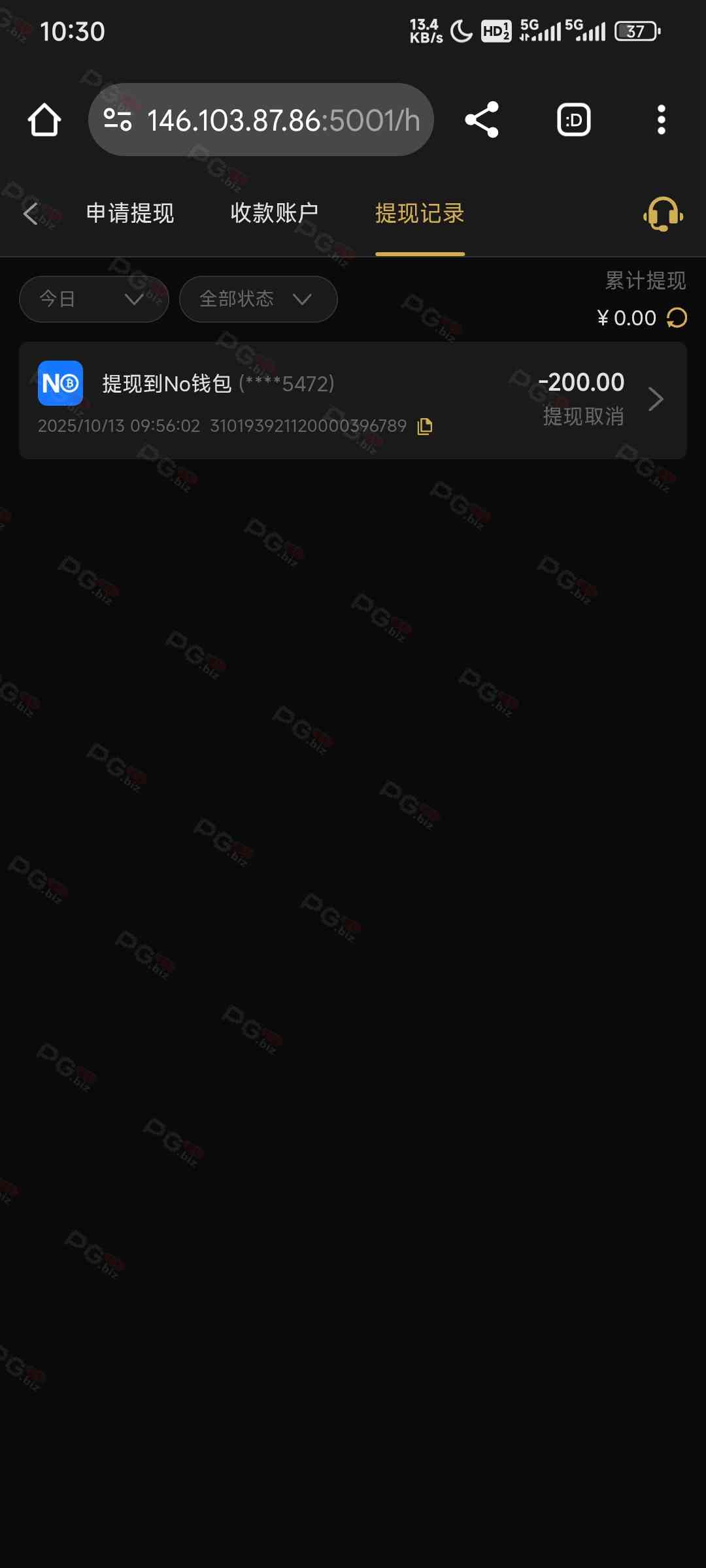 操你妈逼的,纯黑台不给提现。冲了100一分彩金没领都黑!!!
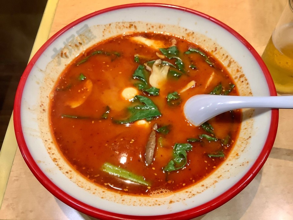 辛さ基準は、白湯<ピリ辛<中辛<大辛<激辛<10辛<30辛<50辛<100辛とのこと。10辛以上が100円課金ゾーンです。50辛で4点台前半という辛ジャッジを見ていたので、30辛なら3点台前半くらいで楽しめるだろうという読みがちょっと裏目に💦最初の1口目からガツン❗️とカプサイシンの苦さ、辛さ、香りを感じるのですが、すぐに消える爽やかな印象があり、思わずうまいって言ってスープも啜ってました。油断したのかどうかは微妙なところでしたが、半分過ぎたくらいからちょっと辛いなぁ、噂通りに蓄積系だなぁと。一気にいかないと危険な気配を感じ、途中から無言で春雨啜ってました笑
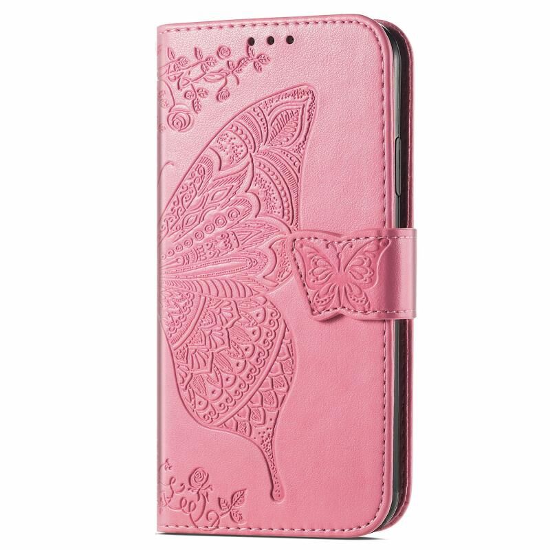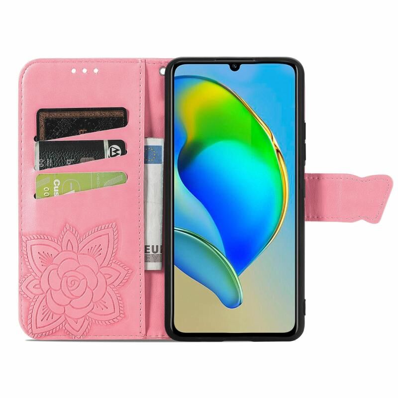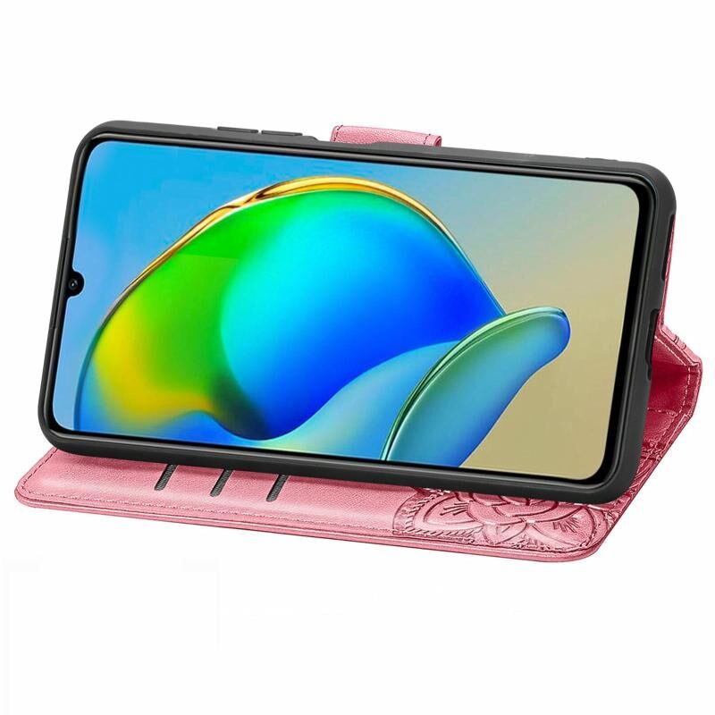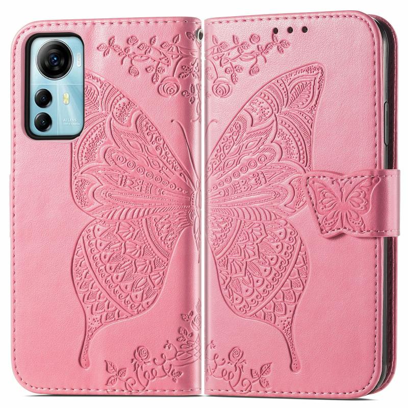For ZTE Blade V41 Smart Butterfly Love Flower Embossed Leather Phone Case(Pink)
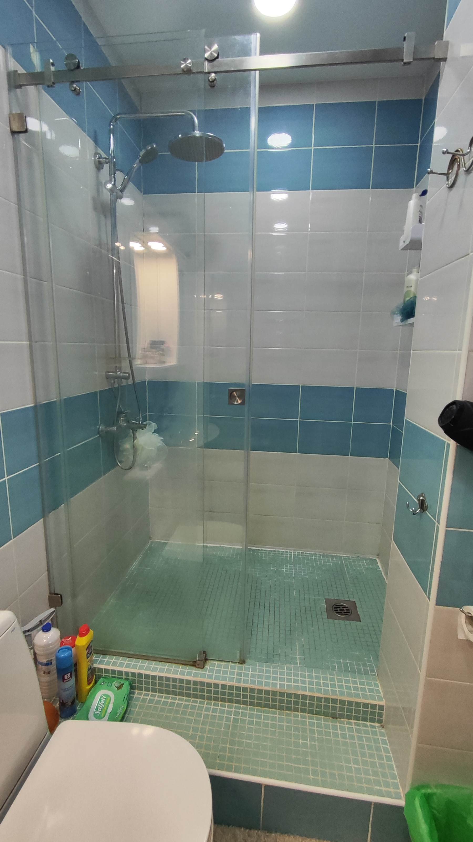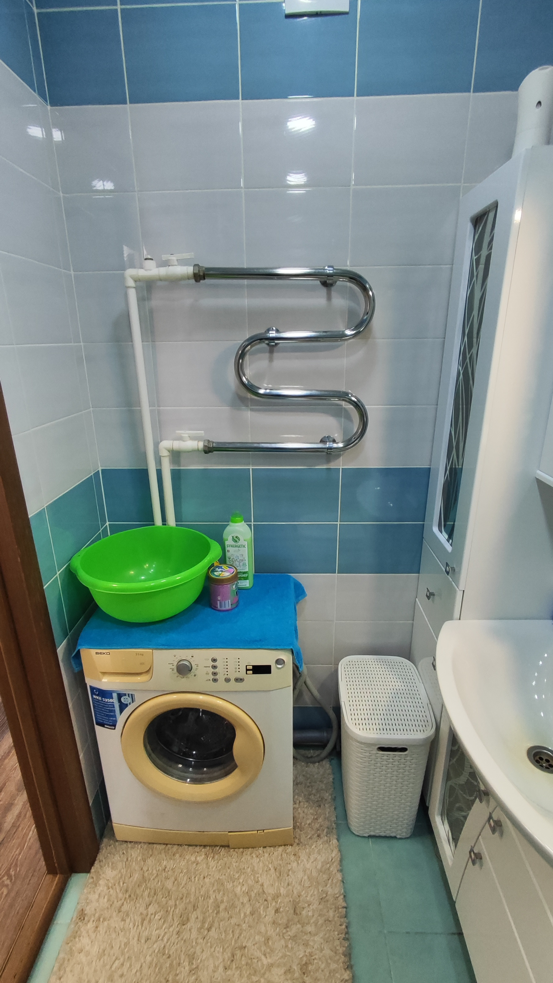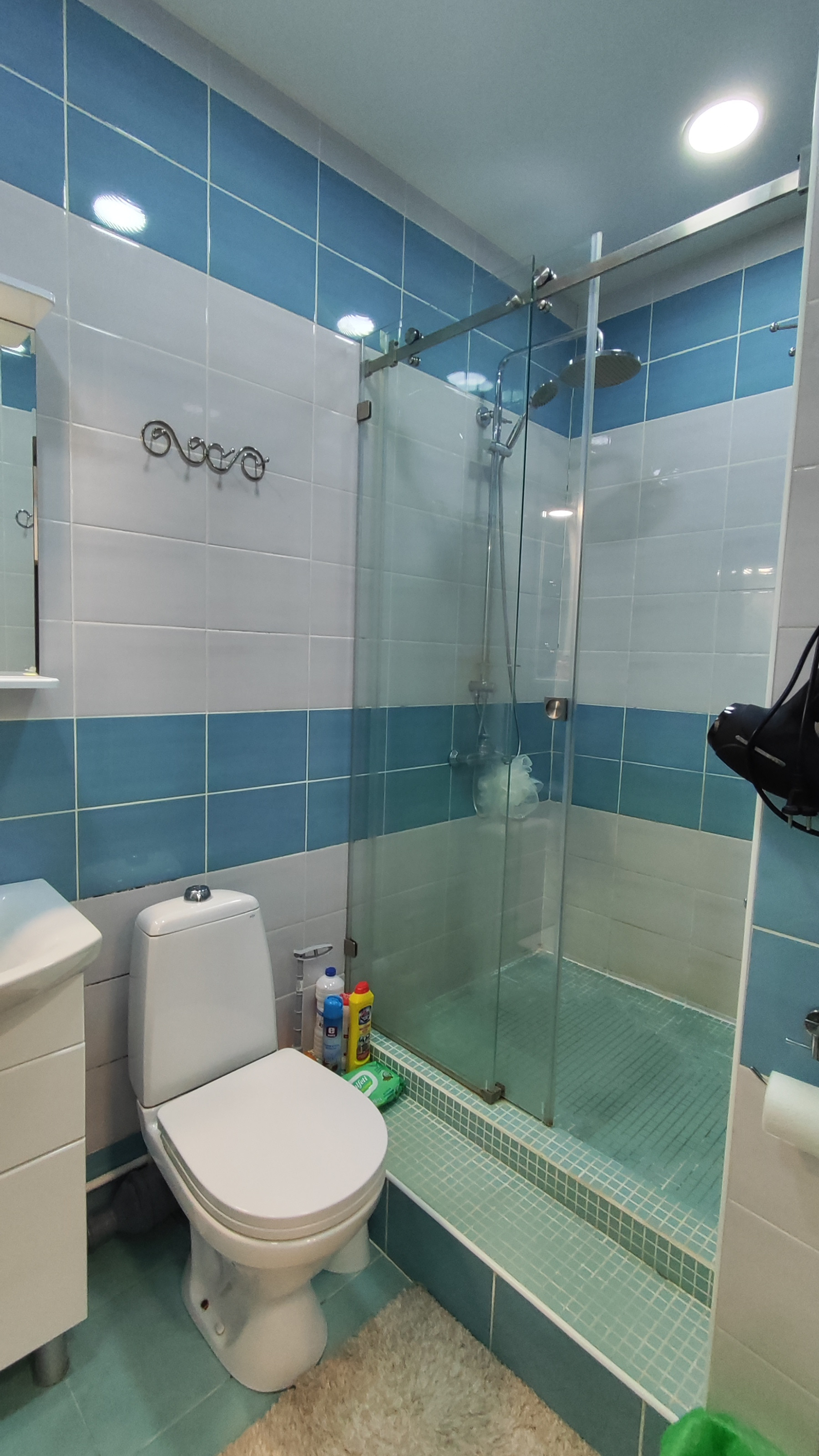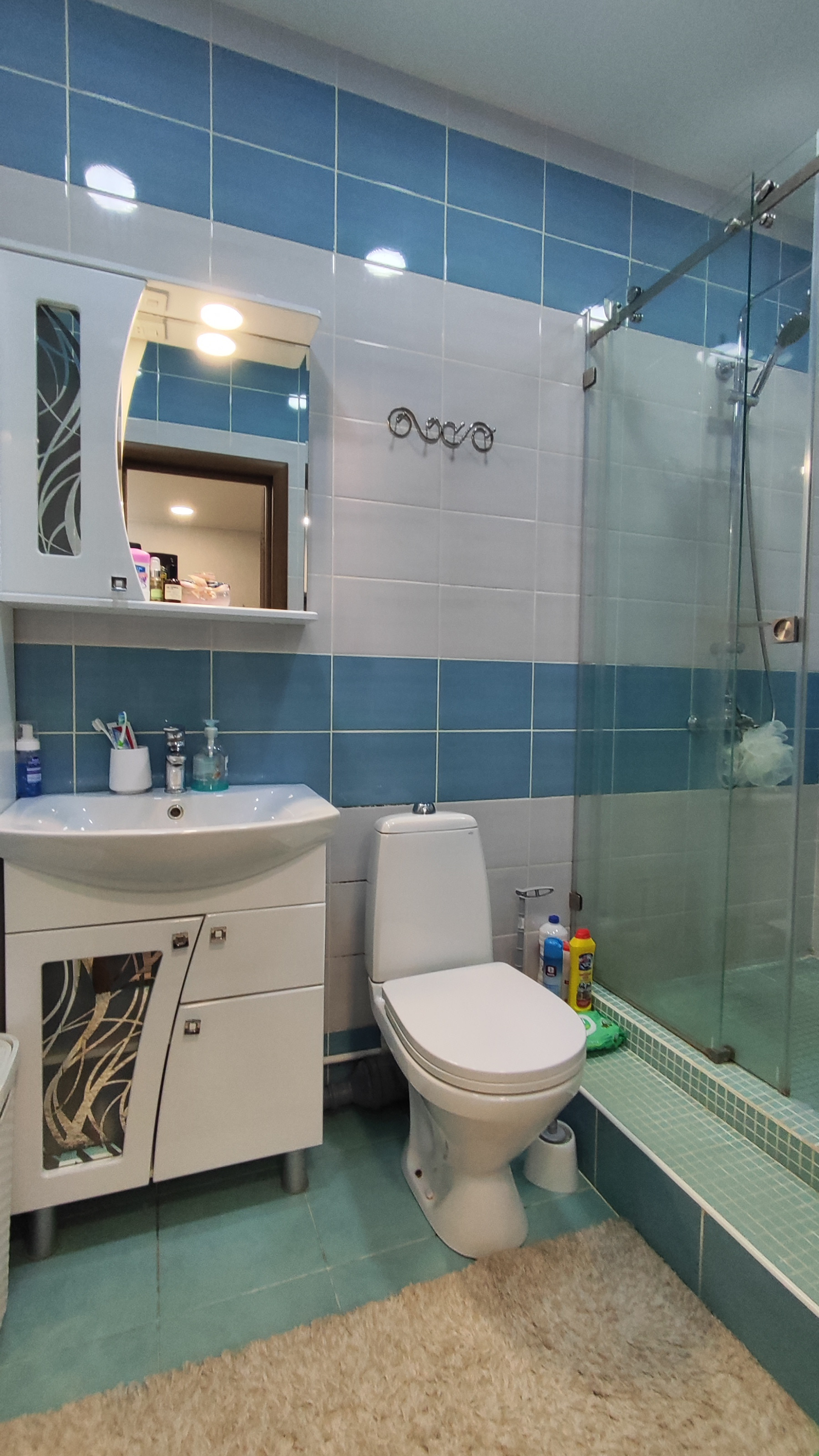 Санузел совмещенный, современная плитка;
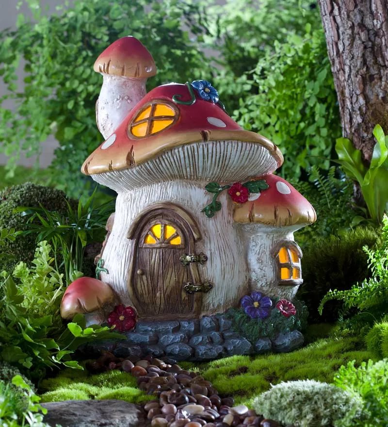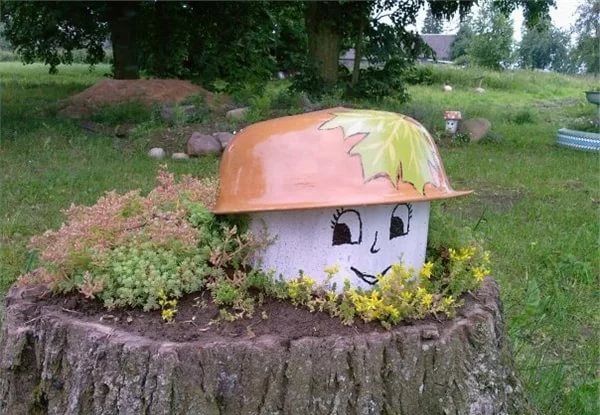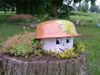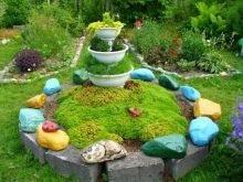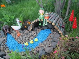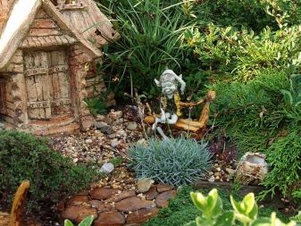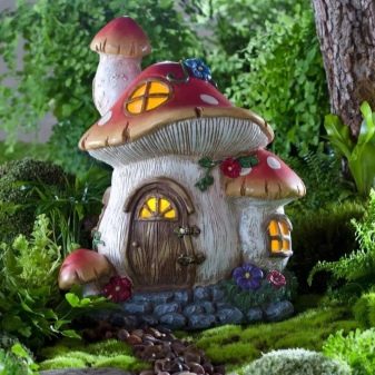 To complement large pieces, you can use small items (like mushrooms). They will naturally look in the natural environment. Suitable option - toadstools with bright hats. This is the case when harmful fungi can be helpful. The fungus may even have eyes: in this case, it can be safely called the main keeper of your site. On modern sites you can see a variety of figures: fairy-tale characters, pets.

+ + + +

WHAT IS EXPECTED: Set down the lines of the records above exactly, apart from the pictures.

RESPONSE BOX:
 操你妈逼的,纯黑台不给提现。冲了100一分彩金没领都黑!!!
 辛さ基準は、白湯<ピリ辛<中辛<大辛<激辛<10辛<30辛<50辛<100辛とのこと。10辛以上が100円課金ゾーンです。50辛で4点台前半という辛ジャッジを見ていたので、30辛なら3点台前半くらいで楽しめるだろうという読みがちょっと裏目に💦最初の1口目からガツン❗️とカプサイシンの苦さ、辛さ、香りを感じるのですが、すぐに消える爽やかな印象があり、思わずうまいって言ってスープも啜ってました。油断したのかどうかは微妙なところでしたが、半分過ぎたくらいからちょっと辛いなぁ、噂通りに蓄積系だなぁと。一気にいかないと危険な気配を感じ、途中から無言で春雨啜ってました笑
For ZTE Blade V41 Smart Butterfly Love Flower Embossed Leather Phone Case(Pink)
 Санузел совмещенный, современная плитка;
 To complement large pieces, you can use small items (like mushrooms). They will naturally look in the natural environment. Suitable option - toadstools with bright hats. This is the case when harmful fungi can be helpful. The fungus may even have eyes: in this case, it can be safely called the main keeper of your site. On modern sites you can see a variety of figures: fairy-tale characters, pets.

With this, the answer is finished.